With more and more things being connected to the Internet, wireless security will become more and more paramount in areas we previously didn’t need it. The automobile industry is a huge part of the new Internet of Things, and hackers are undoubtedly looking at all possible ways of controlling everything they can. To illustrate how dangerous this could potentially be, WIRED got together with Charlie Miller and Chris Valasek, two hackers that found an exploit in the latest Jeep Cherokee.
The whole report – which you should definitely check out here – is pretty scary. These hackers had almost full control of the car at one point. They didn’t modify the Jeep in any way, and didn’t connect any hardware to be able to access its controls. Everything was done wirelessly, miles away. As WIRED notes, “All of this is possible only because Chrysler, like practically all carmakers, is doing its best to turn the modern automobile into a smartphone.”

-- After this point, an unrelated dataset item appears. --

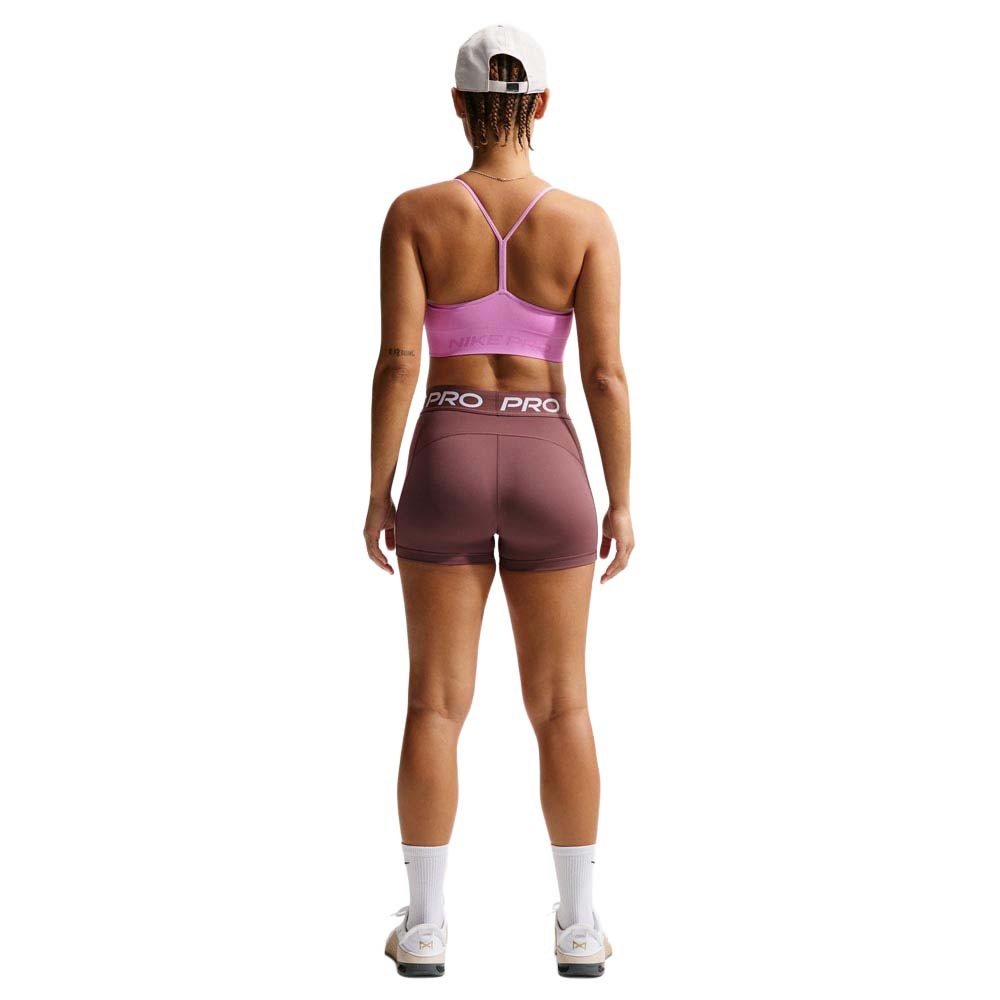 Il reggiseno sportivo Nike Pro Seamless rosa è pensato per allenamenti a basso impatto e comfort all day. Il tessuto morbido e leggero con tecnologia Dri FIT asciuga rapidamente, mentre le zone a costine laterali scolpiscono e stabilizzano senza rinunciare all’elasticità. Il supporto leggero avvolge con dolcezza, le coppe estraibili permettono di scegliere la copertura e il branding Nike Pro sulla fascia completa un look tecnico pulito.

This particular vulnerability was found through Chrysler’s Uconnect infotainment system. This system, which is laid over QNX, controls the car’s entertainment and navigation, enables phone calls and can even offer a Wi-Fi hot spot. Miller and Valasek won’t identify which specific element of Uconnect was vulnerable for now.
Chrysler has been alerted to the exploit and will be issuing software patches to fix it.
*UPDATE* – Charlie Miller, the lead security researcher who discovered the UConnect vulnerability has clarified, along with BlackBerry, that the vulnerability “doesn’t have anything to do with QNX security.”